Outcomes in propensity-matched coronary reoperations
Patients undergoing coronary reoperations represent a subgroup of patients who are reported to be at increased risk of postoperative morbidity and mortality.24-26 The preoperative risk profile for patients undergoing coronary reoperations has been typified by patients who are more frequently male, with more left ventricular dysfunction, with a greater Canadian Cardiovascular Society symptom class, and who present more commonly for urgent surgery compared with patients undergoing primary CABG.26 In particular, female gender has been reported to be an independent predictor of increased postoperative mortality after reoperative CABG. Aidala and colleagues,24 in a small retrospective study, reported an 11.4% mortality for patients undergoing reoperative CABG versus a 3.2% mortality for patients undergoing primary operations. They reported that female gender was a risk factor for postoperative mortality.

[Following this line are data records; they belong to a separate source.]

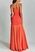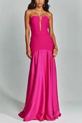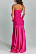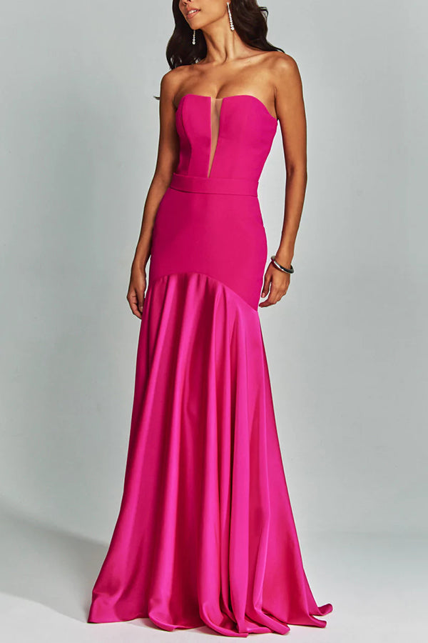 Mermaid Style Off Shoulder Sheer V-neck Satin Hem Party Maxi Dress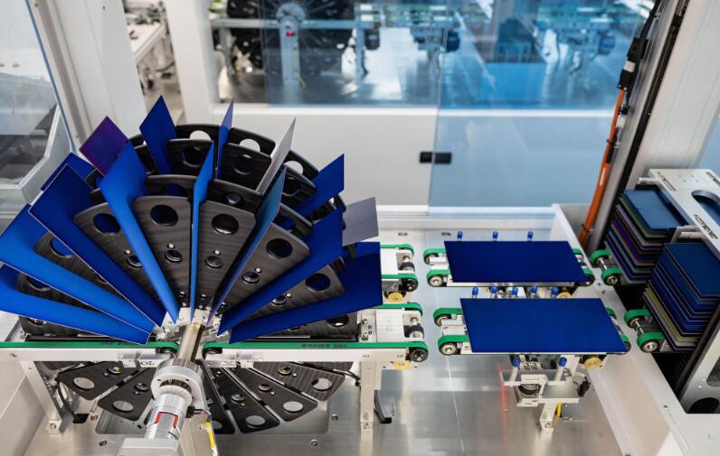 2023年8月22日,位于四川省丹棱县经济开发区的眉山琏升光伏8GW高效异质结电池项目投产,首片高效异质结太阳能电池片正式下线。眉山琏升光伏8GW高效异质结太阳能电池项目,总投资达45亿元,是四川省2023年重点建设项目。新华社记者 江宏景 摄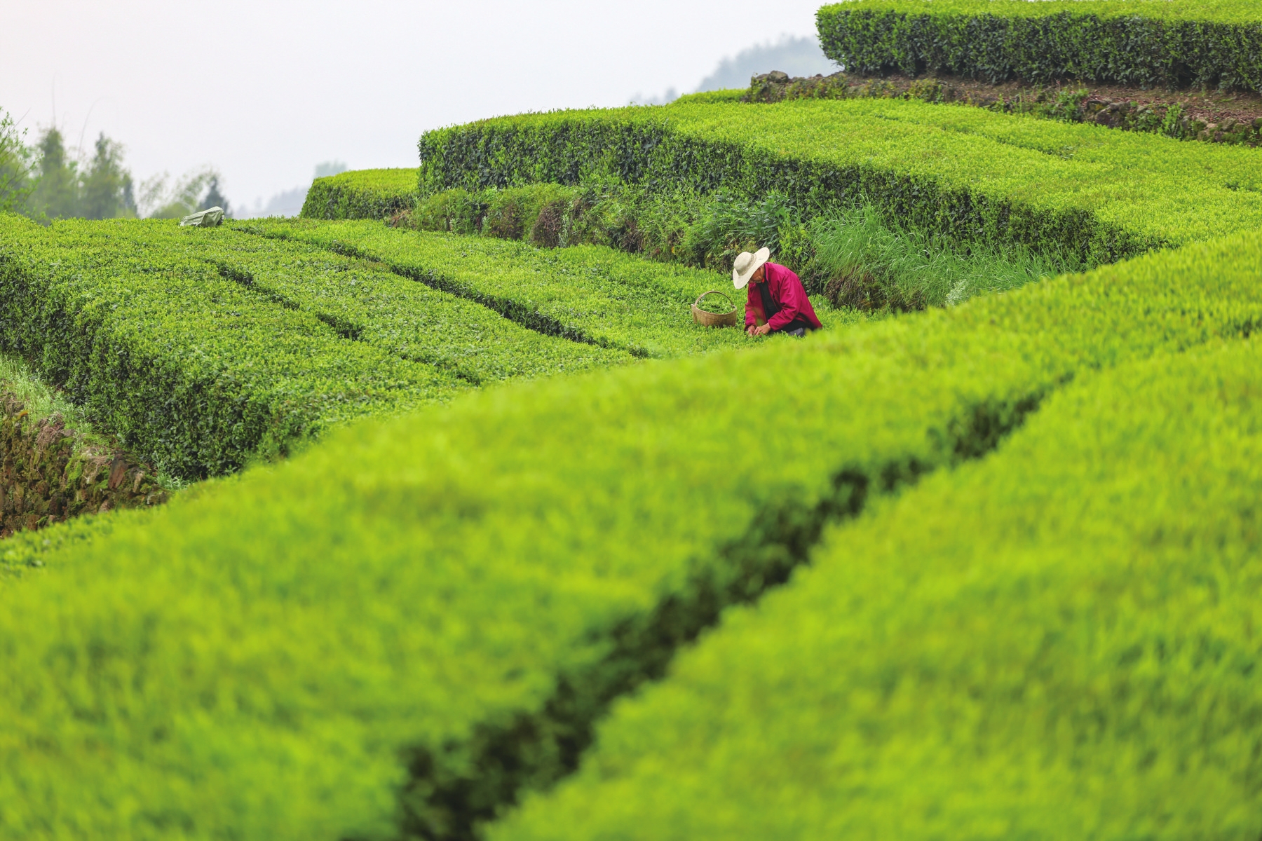 4月8日,点军区双堰口村高水平生态茶园经春雨润泽头,嫩芽饱满鲜嫩,满目新绿缀满枝。茶农抢抓农时,穿梭于茶垄间采摘春茶。(记者林潇 摄)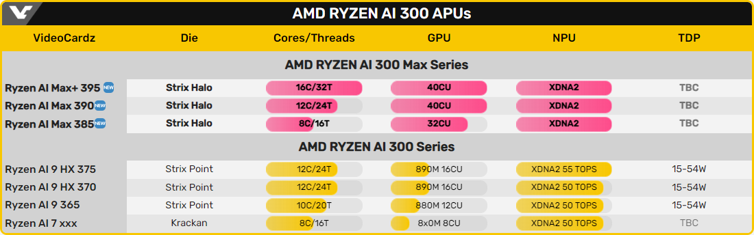 Согласно предоставленной информации, процессоры AMD Strix Halo сформируют линейку Ryzen AI Max 300. Её возглавит модель Ryzen AI Max+ 395, которая предложит 16 ядер Zen 5 и графический модуль на 40 Compute Units (CU) с архитектурой RDNA 3.5. Для сравнения, выпущенные летом APU Ryzen AI 300 предлагают до 16 блоков CU.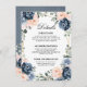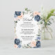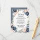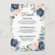 Dusty blue floral geometric wedding details card featuring elegant bouquets of navy / Dusty blue, white , blush , peach rose and sage green eucalyptus leaves and elegant glitter geometric neutral frame. Please contact me for any help in customization or if you need any other product with this design.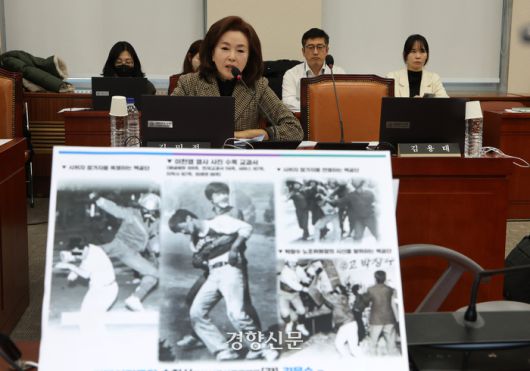 김문수 민주당 의원은 이한열 열사가 최루탄을 맞고 피를 흘리는 사진을 들며 “이한열 열사의 희생 뒤에는 최루탄만 있었던 것이 아니고 민주주의를 짓밟았던 폭력조직 백골단이 있었다. 백골단이라는 이름이 오늘날 국회 교육위원회 위원인 김민전 의원의 기자회견장에 소환됐다”고 말했다. 그러면서 “교육위는 김 의원님 같은 분이 계실 자리는 아니다”라고 말했다.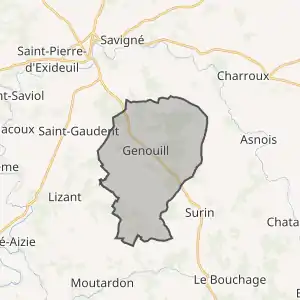 - Розташування муніципалітету Женує на мапі Франції та сусідні муніципалітети
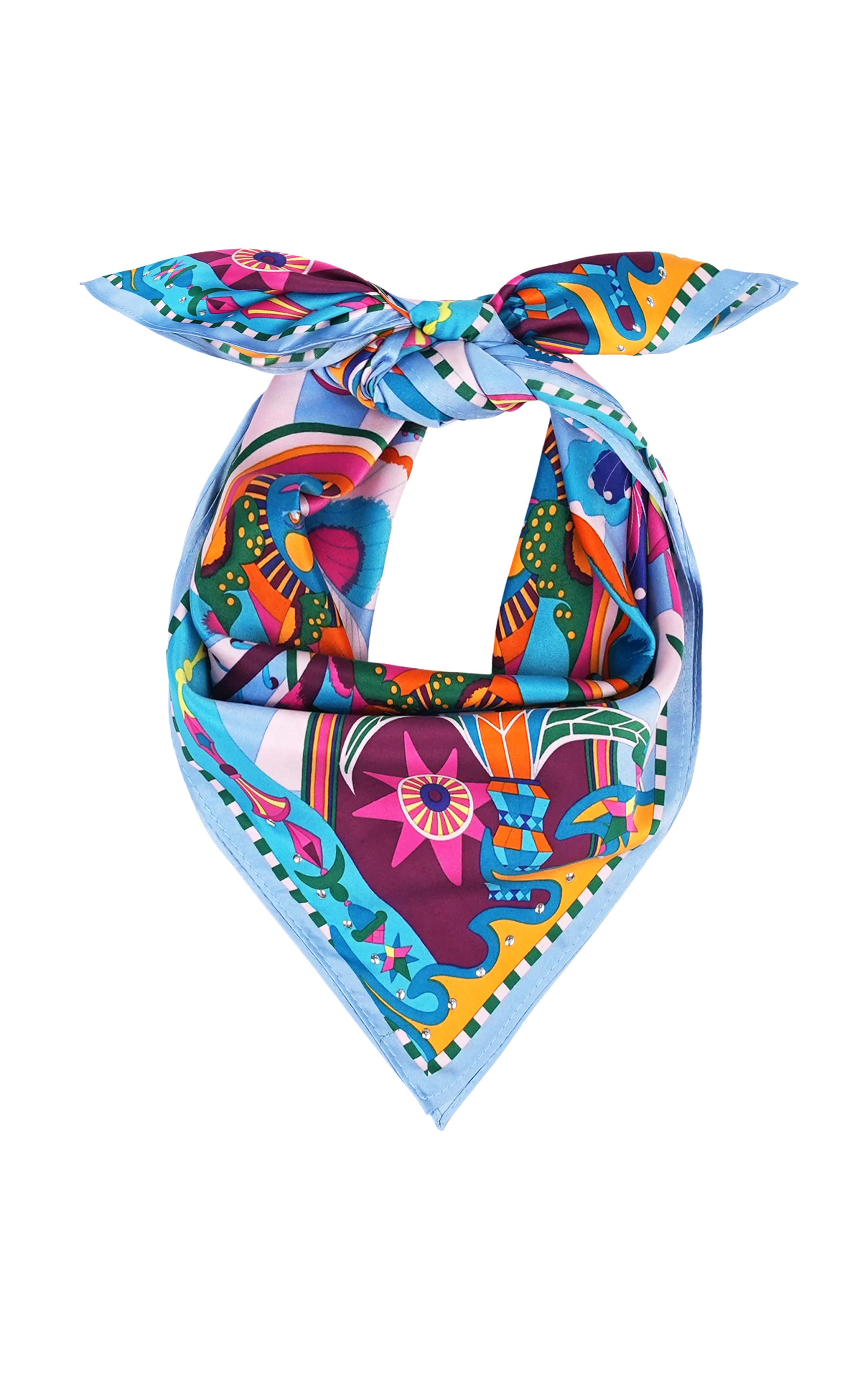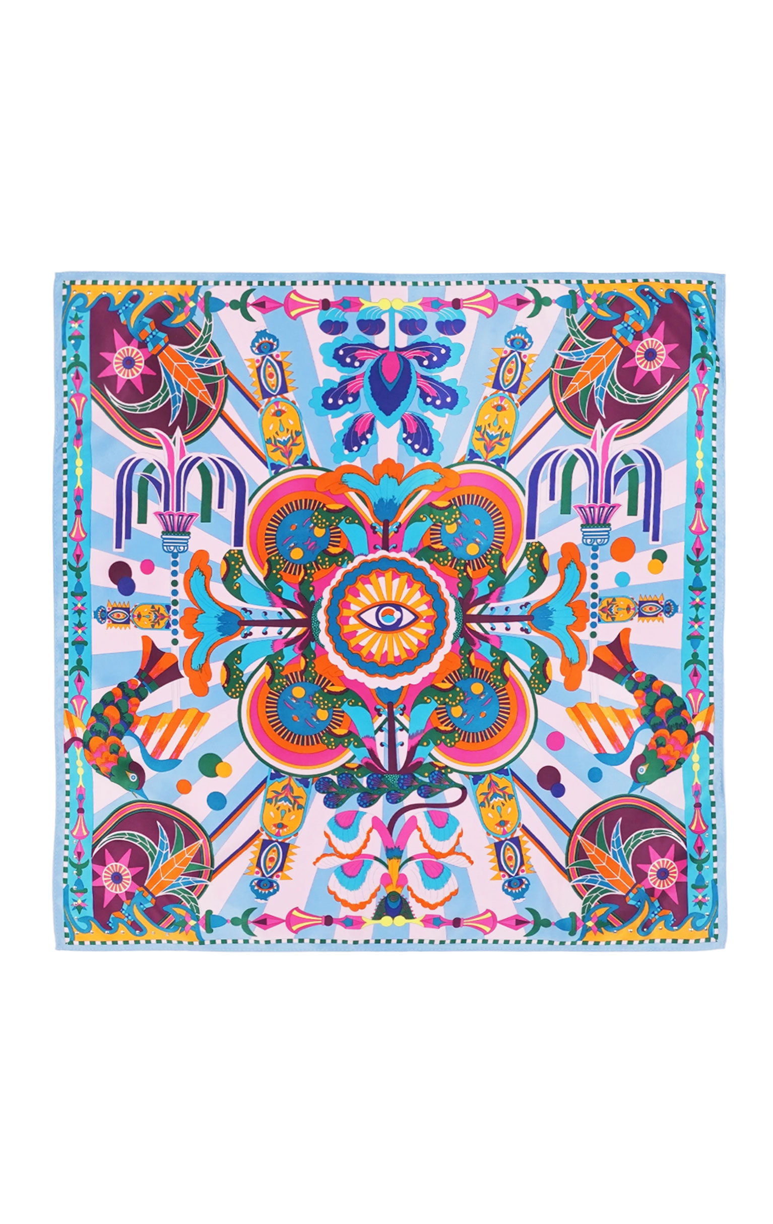 Baigné dans un univers fantasmagorique et hallucinogène, ENCHANTERED se pare en son centre d'un œil façon pentacle autour duquel quatre soleils aux visages poupons viennent se dessiner. Dans cette même veine, le reste du foulard raconte un monde à part, à la frontière de l'inconscient et d'un imaginaire débridé et coloré, sur fond de larges rayures empruntées à l'esthétique des années 70. Décliné en deux couleurs, ENCHANTERED est ici dans sa version bleue et se révèle dans des tons orange corail, rose fuchsia, turquoise, jaunes, parme, indigo et vert prairie.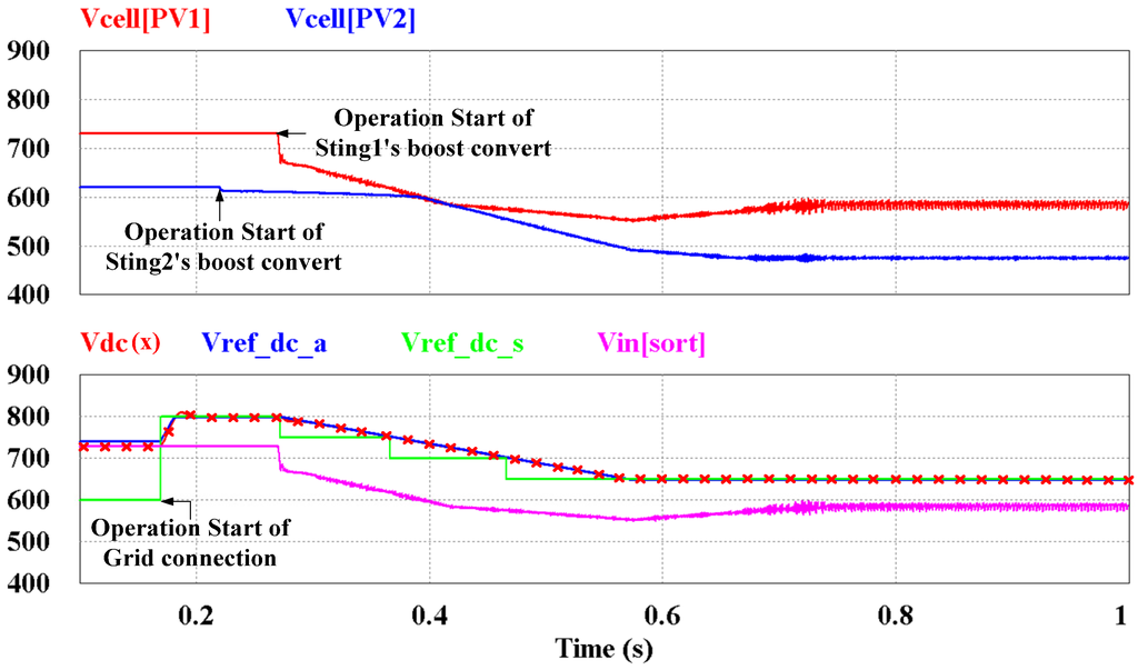 Figure 12 illustrates the performance of the proposed algorithm when the PV system is initiated. The temperature of PV1 is set as the lower value than that of PV2. The initial DC-link reference voltage is 600 V, but is then set to 800 V in accordance with Figure 11 because the sorted voltage is 730 V (the input voltage of PV1 is 730 V). The input voltage decreases when the boost convert starts operating. The decrease in the input voltage changes the DC-link reference. The selected DC-link voltage and the actual DC-link reference voltage with the 500 V/s ramp response is changed according to Figure 11.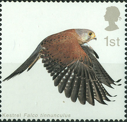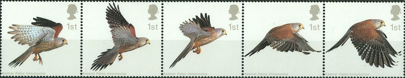 Die GB-Postverwaltung brachte eine sehr schöne Markenserie zum Turmfalken heraus. Und zwar eine Flugphasenserie.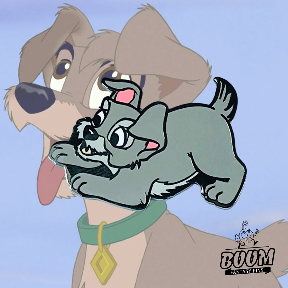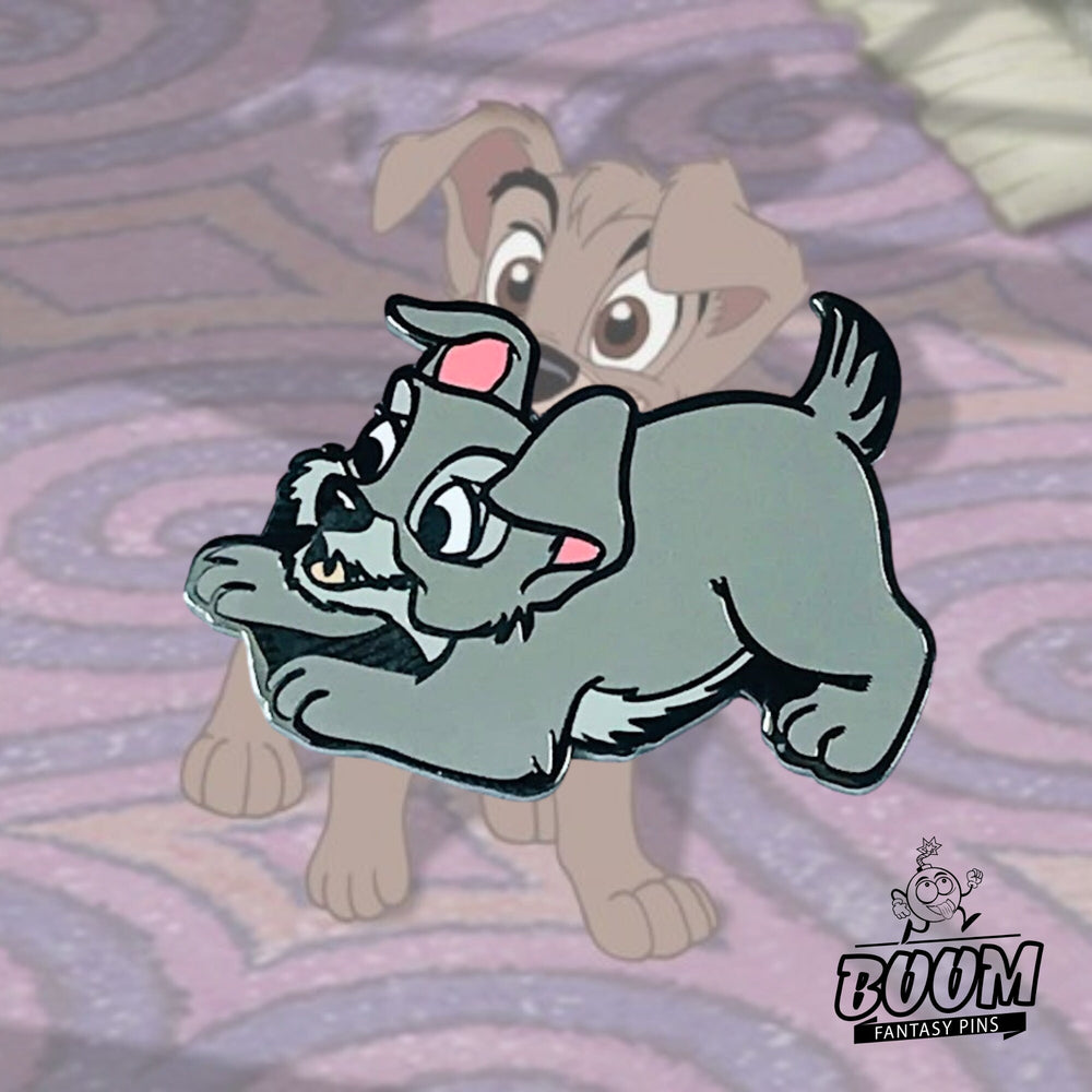 Imaginez la douce lueur d'une maison douillette s'estompant dans le murmure lointain du monde extérieur, où les pattes de Scamp s'agrippent avec empressement au trottoir frais, poursuivant des rêves peints de poussière d'étoiles et de promesses. Ses yeux pétillants reflètent le clair de lune, emplis de questions que seul un jeune cœur ose poser : Qu'y a-t-il au-delà des repères familiers ? Quelles aventures l'attendent au-delà des haies et de la lumière des lampadaires ? C'est ici, dans la course folle d'un chiot lancé à la poursuite de son destin, que la magie de La Belle et le Clochard se déploie à nouveau. Cette broche capture non seulement un personnage, mais l'essence même de cette danse audacieuse de l'enfance entre sécurité et exploration.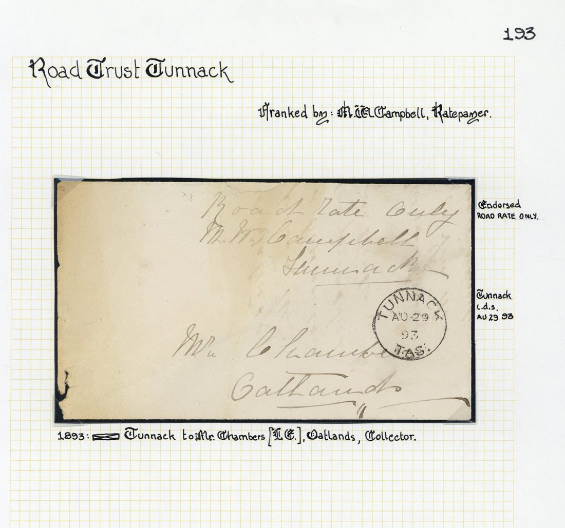 1893 (29 Aug.) envelope to Oatlands, headed "Road Rate Only" in manuscript, signed by Chairman of Tunnack Road Trust, showing fine despatch c.d.s. with arrival d.s. on reverse; the envelope a little soiled and with peripheral faults at left

Weintraub and colleagues,25 from their database of 2030 coronary reoperations, reported that female gender was correlated with in-hospital death both in the univariable and multivariable analyses. Although Yau and colleagues26 did not report female gender to be an independent predictor of postoperative mortality in 1230 patients undergoing reoperative CABG, they reported that it was an independent predictor of postoperative low cardiac output syndrome. We report that among the propensity-matched pairs undergoing coronary reoperations, women have a lower postoperative mortality compared with similarly matched men. Postoperative morbidity was similar among well-matched women and men undergoing coronary reoperations.
Limitations
One of the limitations of this observational investigation was that there may have been unmeasured confounding variables that impacted the propensity matching of women and men who underwent CABG. In addition, the amount of anesthetic medications administered intraoperatively was not a measured variable. The omission of this information may have impacted the findings of gender differences in the duration of postoperative ventilatory support observed in this investigation. Furthermore, we did not record data on all "processes of care" in the operating room. For example, complications from repeat sternotomy, such as graft excision or right ventricular damage, were not recorded variables. This lack of information may have influenced the observed gender differences in postoperative mortality for the propensity-matched patients who underwent reoperative CABG.